午後の研修、金木犀のバグ
──平成0x29A年10月27日 17:20
「――以上が、住民合意形成プロセスにおけるブロックチェーン投票の理念です。では、最後のシミュレーションを開始します」
夕暮れの光が差し込む研修室で、教官の抑揚のない声が響く。僕の目の前のスクリーンには、『第19地区 児童公園改修案に関する投票』という文字が浮かんでいた。A案、全面改修。B案、部分補修。それぞれの政策変更リクエストから生成された差分断片が、ずらずらと並んでいる。
『茶番だな』
頭の中に、父さんの声が響く。エージェントになってから、父さんは少し皮肉屋になった。
「理念は立派だけどさ」
僕は思考だけで応じる。周囲の同期たちは、退屈そうにペンを回したり、耳に突っ込んだMDウォークマンの音量をこっそり上げたりしている。真面目に差分を読んでいるのは、僕を含めて数人だけだ。
『理念でインフラは動かんよ、隼人。結局は、党中央ドクトリンの署名が通る方に流れるだけだ』
父さんが死んだインフラ事故も、公式マニュアル上は完璧な手順が示されていた、と聞いたことがある。ただ、誰もその通りにはやっていなかった、と。
不意に、隣の席の先輩が肘で僕をつついた。彼が指差すのは、机の下で回されてきた一枚のクリップボード。昔ながらの、物理的な紙の回覧板だった。
「市川くん、これ」
回覧板には、ボールペンでこう殴り書きされていた。
『本次第、A案にて統一。B案投票者は要注意人物としてリストアップ対象』
背筋が冷たくなる。これが、研修で学ぶべき本当のルールらしかった。公式の理念より、非公式の空気を読め、という無言の圧力がそこにはあった。教官は、何も見ないふりをして窓の外を眺めている。

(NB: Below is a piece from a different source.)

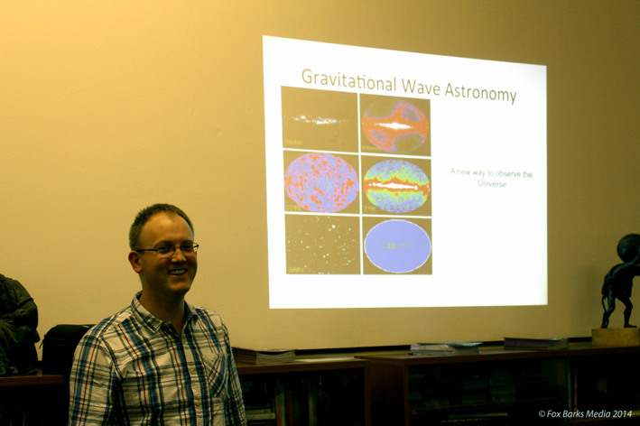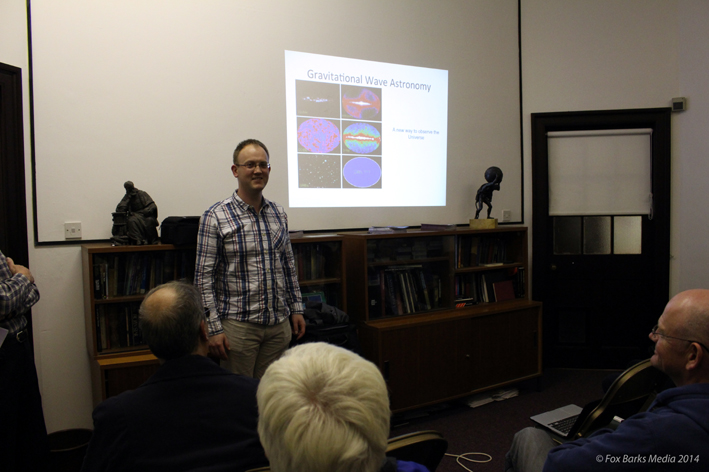 Stuart described the experimental methods used in attempting to detect and measure gravitational waves, with somewhat humerous references (and movies) from both Star Trek and Dr. Who. This, with very easy to understand graphics, made for a fascinating and enjoyable talk.
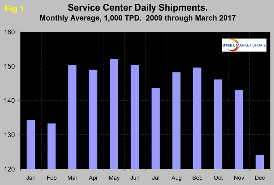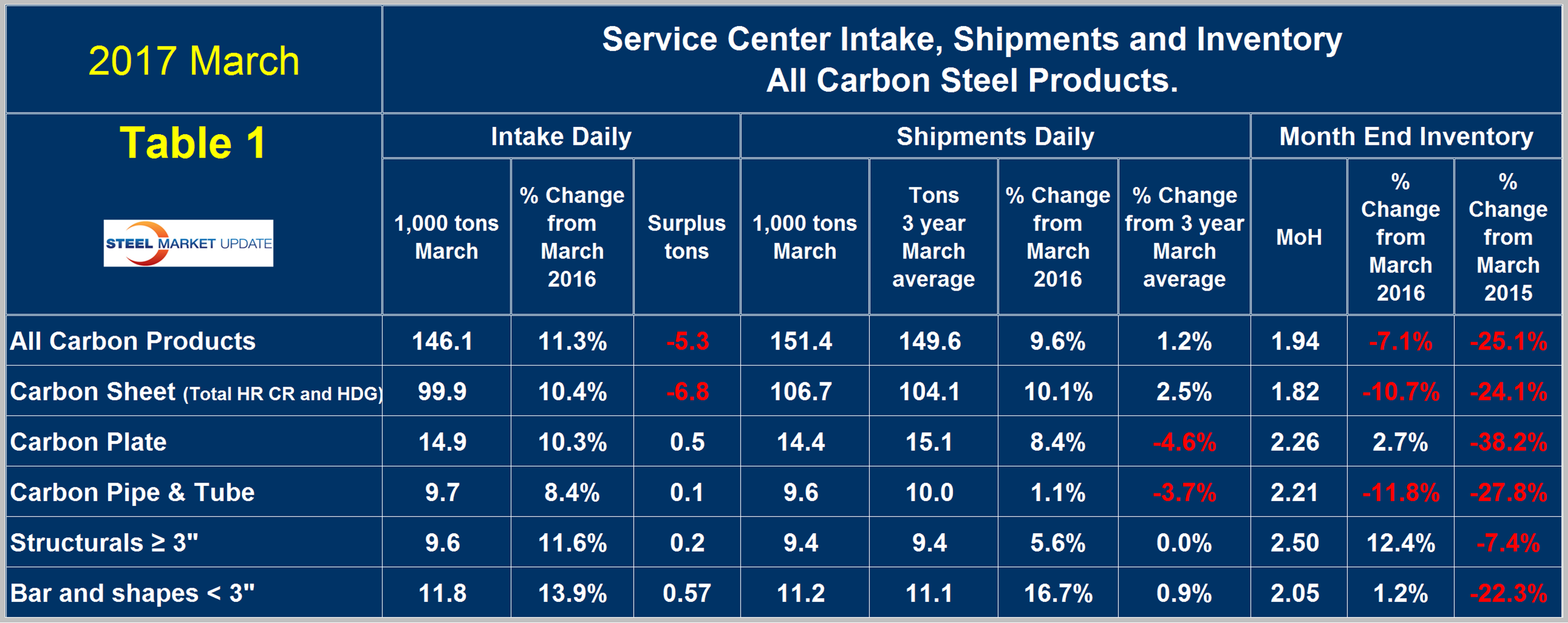 At first glance this was a good report but that impression diminished on closer examination. Year over year the report was quite good but the number of shipping days increased by three and the normal March month over month shipment surge was very muted. Daily shipments increased by 1.7 percent from February. Since 2009 on average, March has increased by 12.8 percent. Carbon steel shipments were 151,400 tons per day. The number of shipping days increased from 20 to 23.

ブロックチェーン投票。改竄不可能な、民主主義の最終形態。その上で、こんな前時代的な同調圧力がまかり通っている。平成エミュレートの歪みが、こんなところにまで染み出しているのか。
『どうする?』
父さんが問いかける。僕は答えられなかった。
投票締め切り三分前。僕が震える指でA案に触れようとした、その時だった。
ピロン、と軽い電子音が鳴る。
視界の隅に、赤い通知がポップアップした。
【通達:第0x88A2F内閣ユニット 内閣総理大臣に任命されました。任期は5分間です】
冗談だろ。こんな時に。思考が真っ白になる。研修の投票画面が強制的に切り替わり、本物の閣議案件が滝のように流れ込んできた。
『隼人、待て!』
父さんの声が鋭くなる。『そのリストの三番目を見ろ!』
僕は慌てて視線を動かす。
【案件03:第17地区 ガス供給網・圧力最適化アルゴリズムの変更要求】
『このパラメータ…! 俺が死んだ事故の時の変更案に酷似している…!』
案件には、すでに党ドクトリンに基づく暗号署名が添付されていた。承認するのが「正しい」手順だ。非承認にすれば、僕が「要注意人物」になる。さっきの回覧板の文字が、頭をよぎった。
長いものに巻かれろ。それが賢い生き方だ。
でも。
僕は、息をひとつ吸い込んで、強く「非承認」のボタンをタップした。
何も起きない。世界は変わらない。僕の5分間は、無数の並行処理の中に埋もれていくだけだろう。自己満足だ。
その瞬間、ふわりと甘い香りがした。研修室の天井に埋め込まれた匂い再現デバイスが作動したのだ。シミュレーションの演出で、公園をイメージさせる「金木犀の香り」が設定されていたらしい。
だが、僕の鼻をついたのは、金木犀に混じった、微かな異臭だった。
覚えがある。古いアパートのポストに突っ込まれていた、ガス検針票のインクの匂いに似た、あの独特の……都市ガスの匂いだ。
「おや、またバグか」
教官が面倒くさそうに壁のパネルを叩いている。僕は、その光景を見ながら、ただ乾いた笑いを浮かべることしかできなかった。